W. H. Allen Memorial Lecture: Title and abstract to be announced

Monday, 15 October; reception 4:45; AGM 5:10; lecture 5:15
Venue: Kaye Scott Room, Ormond College, 49 College Crescent, Parkville

Professor Tim Parkin, Tatoulis Chair in Classics, The University of Melbourne

Professor Tim Parkin joined the University of Melbourne in 2018 as the inaugural Elizabeth and James Tatoulis Chair in Classics. Before this he had spent over eleven years in England as the Professor of Ancient History at the University of Manchester.

The Allen Memorial Lecture will include the CAV’s Annual General Meeting and presentation of the Alexander Leeper Prize (for 4th year Honours in Classics), and the new CAV Undergraduate Essay Prize.

 

Propaganda & Truth

Public lecture: Tuesday, 2 October, 7:00
Forum Theatre, Arts West Building, The University of Melbourne

Associate Professor Frederik Vervaet, The University of Melbourne

Abstract: to be announced

Frederik Vervaet is Associate Professor in Ancient History at the University of Melbourne, where he specializes in Roman socio-institutional and political history, and Roman public law. He was awarded the Woodward Medal in Humanities and Social Sciences his 2014 book, The High Command in the Roman Republic: The Principle of the summum imperium auspiciumque from 509 to 19 BCE. Most recently he was a Visiting Fellow at Princeton’s Institute for Advanced Study.
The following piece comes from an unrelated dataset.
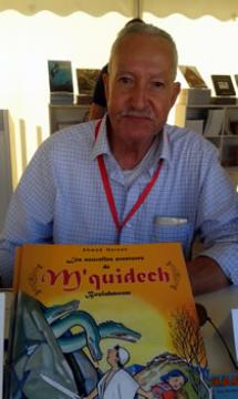 Je présente ma biographie avec mes dessins des années 60 jusqu'à nos jours. Des dessins de presse, caricatures politiques etc... c'est rassemblé dans un recueil qui s'appelle La bonne Destinée avec une préface de Omar Zelig. Le second que je propose c'est M'Quidech. On y découvre trois histoires de M'Quidech. Des histoires du terroir, bien de chez nous. De vieilles légendes. Ce 3ème livre enfin c'est Bhar Lemnam. Je l'ai édité à mon compte en 2000. C'est inspiré du projet de Bencherif, le chef du Pnsd de Constantine qui voulait créer une mer dans le Sahara. A l'intérieur, ce sont tous des personnages politiciens connus qui vont conquérir cet endroit. Il y a aussi des sportifs, des artistes etc. Il n'y a pas un personnage anonyme. Mais malheureusement, l'impression laisse à désirer. A l'époque, je l'avais édité à Chéraga. Mais le travail a été bâclé; je ne suis pas satisfait. C'est pourquoi d'ailleurs il n'a pas marché. Je l'ai fait à mon compte. A l'occasion du dixième anniversaire du Fibda ils ont fait des réductions de presque 40%. Il valait avant 600 DA, maintenant 3500 DA. Celui-là, comme je l'ai édité à mon compte je le liquide à 200 DA. De toute façon, on ne vit pas de la bande dessinée. On ne peut pas vivre avec. Tous les dessinateurs sont des fonctionnaires ailleurs. Chacun a un salaire quelque part, ils font ça par amour de la bande dessinée. On ne peut pas vivre avec la bande dessinée ici. On a une concurrence de taille, c'est le Net, la télé...Par contre, il y a 30, 40 ans, les gens ça leur faisaient de la lecture. Sauf peut-être à l'étranger où la bd fait vivre, grâce à des personnages connus sur le plan mondial comme Astérix, Luky Luke, Tintin etc. Ceux-là, ma foi, c'est une exception. Mais pour nous autres, on est là pour faire de l'animation pour l'instant, on est là effectivement et ça nous permet de se rencontrer et se retrouver une fois par an. C'est déjà bien.

Although not specifically sponsored by the CAV, this public event is free. This lecture is part of the “Truth” Public Lecture Series offered by the University of Melbourne’s School of Historical and Philosophical Studies (SHAPS).

 

Homer and the Archaeology of Crete – AAIA Visiting Professor

Public lecture: Wednesday, 5 September, 7:00
Venue: Elisabeth Murdoch Building – Theatre A, The University of Melbourne

Assistant Professor Antonis Kotsonas, University of Cincinnati, AAIA Visiting Professor

The relationship between the Homeric epics and archaeology has been approached through the lens of Homeric archaeology, which involved matching the epics with the archaeological record and identifying realia of Homer’s heroes. However, a range of new approaches have recently revolutionized the field. Drawing from these approaches, Professor Kotsonas offers a regional and diachronic analysis of Homeric stories about Crete, an assessment of the reception of these stories by the island’s inhabitants throughout antiquity, and an account of their impact on Medieval to modern literature and art. He finds that Cretan interest in Homer peaks in the Hellenistic period, but also argues for the much earlier familiarity of some Cretans with stories that underlie the Homeric epics. This argument relies on an analysis of the archaeological assemblage of a Knossian tomb of the 11th century BCE, which included a range of arms that is exceptional for both Aegean archaeology and the Homeric epics. In the epics, this equipment is carried only by the Knossian hero Meriones, whose poetic persona can be traced back to the Late Bronze Age on philological and linguistic grounds. Based on this, and on current understandings of performance at death, Professor Kotsonas argues that the Knossian burial assemblage was staged to reference the persona of Meriones, therefore suggesting the familiarity of some Cretans with early poetry that eventually filtered into the Homeric epics.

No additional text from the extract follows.